Retrieval Pipelines
Improve query-time retrieval with planning, multi-query expansion, parent expansion, compression, diversity, recency, and custom stages.
Use retrievalPipeline() when one raw search pass is not enough. It decorates a retriever, so the result is still a retriever: you can call retrieve(), place it in prompt({ use }), expose tools, or wrap it with grounding().
import {
compress,
decay,
diversify,
multiQuery,
parentExpand,
queryPlanner,
retrievalPipeline,
} from '@crux/core/retrieval'
const advancedDocs = retrievalPipeline(docs, [
queryPlanner({
generate: generateObjectFn,
model: planningModel,
maxQueries: 3,
filterSchema: z.object({
product: z.string().optional(),
visibility: z.enum(['public', 'internal']).optional(),
}).optional(),
}),
multiQuery({
generate: generateTextFn,
model: queryModel,
count: 4,
}),
parentExpand({ store: data, maxParentChars: 4000 }),
compress({
generate: generateObjectFn,
model: compressionModel,
mode: 'extractive',
maxCharsPerHit: 1200,
}),
diversify({ strategy: 'mmr', limit: 8, sourcePenalty: 0.15 }),
decay({
field: 'metadata.updatedAt',
halfLifeMs: 30 * 24 * 60 * 60 * 1000,
}),
])
const hits = await advancedDocs.retrieve('enterprise SSO rollout')Bundled Stages
The pipeline has two phases. Query stages run before Crux calls the base retriever. Hit stages run after fanout and merge.
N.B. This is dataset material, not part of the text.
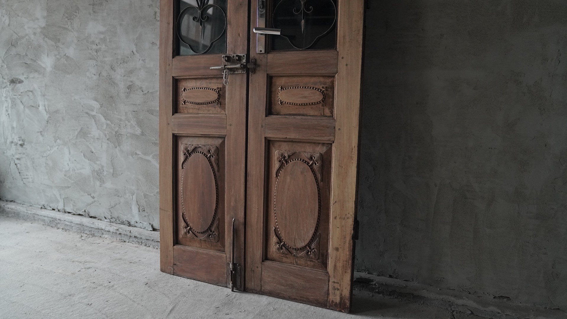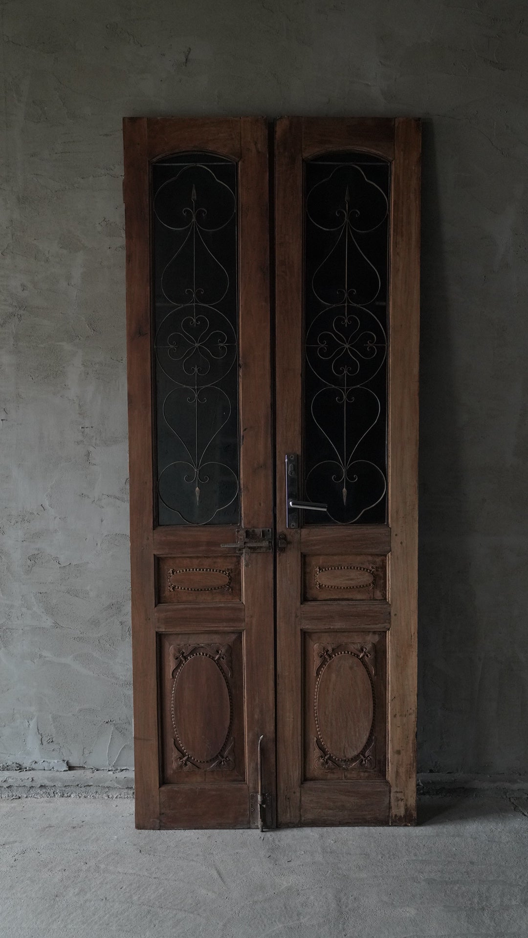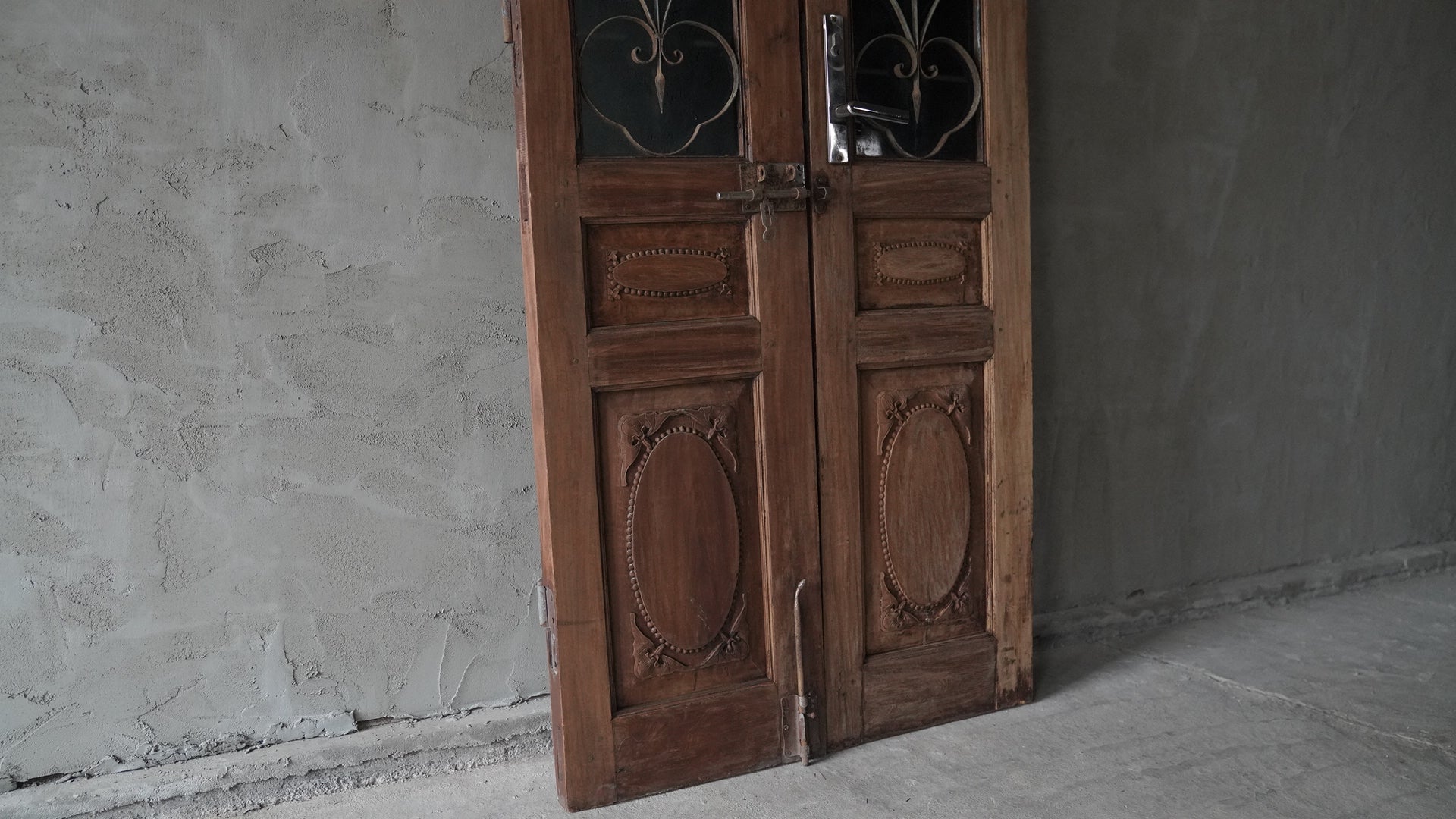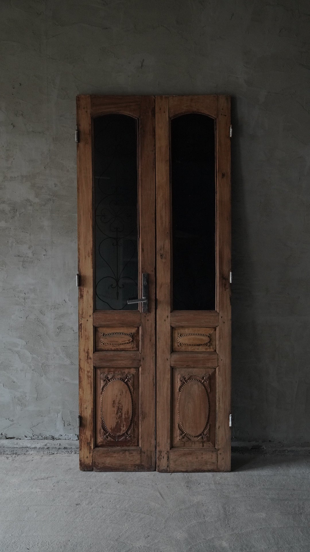ベトナムのハノイで使用されていた両開きの木製ドアです。上部には黒いカラーガラスと繊細なアイアンワークが組み合わされ、落ち着いた雰囲気を持っています。下部には楕円形を基調とした彫刻装飾が施され、全体にクラシックな印象を与えます。店舗の入り口や室内パーテーション、インテリアのアクセントとしても活用できる一品です。

| Stage | Phase | What it does | Use it when |
|---|---|---|---|
queryPlanner() | query | Turns one question into typed planned queries with optional filters, weights, and reasons. | A broad or ambiguous question should search multiple focused parts of the corpus. |
multiQuery() | query | Generates alternate phrasings, dedupes them, and keeps the original by default. | Recall is weak because users and docs use different wording. |
| Fanout + RRF merge | internal | Calls the base retriever once per planned query and merges duplicate hits by namespace/sourceId/chunkId. | This always happens after query stages. |
parentExpand() | hits | Follows hit.parent.key and attaches larger parent context without changing the child citation. | You indexed small child chunks but want surrounding context. |
compress() | hits | Keeps extractive excerpts from each hit and drops empty hits by default. | Retrieved chunks are too long or noisy. |
diversify() | hits | Applies MMR-style diversity with optional same-source penalty. | Top results repeat the same source or near-duplicate content. |
decay() | hits | Applies exponential score decay from a timestamp field. | Freshness should influence rank. |
retrievalStage() | query or hits | Adds a custom stage with the same tracing and instrumentation as built-ins. | Product-specific filtering, routing, enrichment, or ranking. |
Query stages must come before hit stages. If a query stage appears after a hit stage, Crux throws when the pipeline is created.
Query Planning
queryPlanner() uses structured generation to produce typed subqueries.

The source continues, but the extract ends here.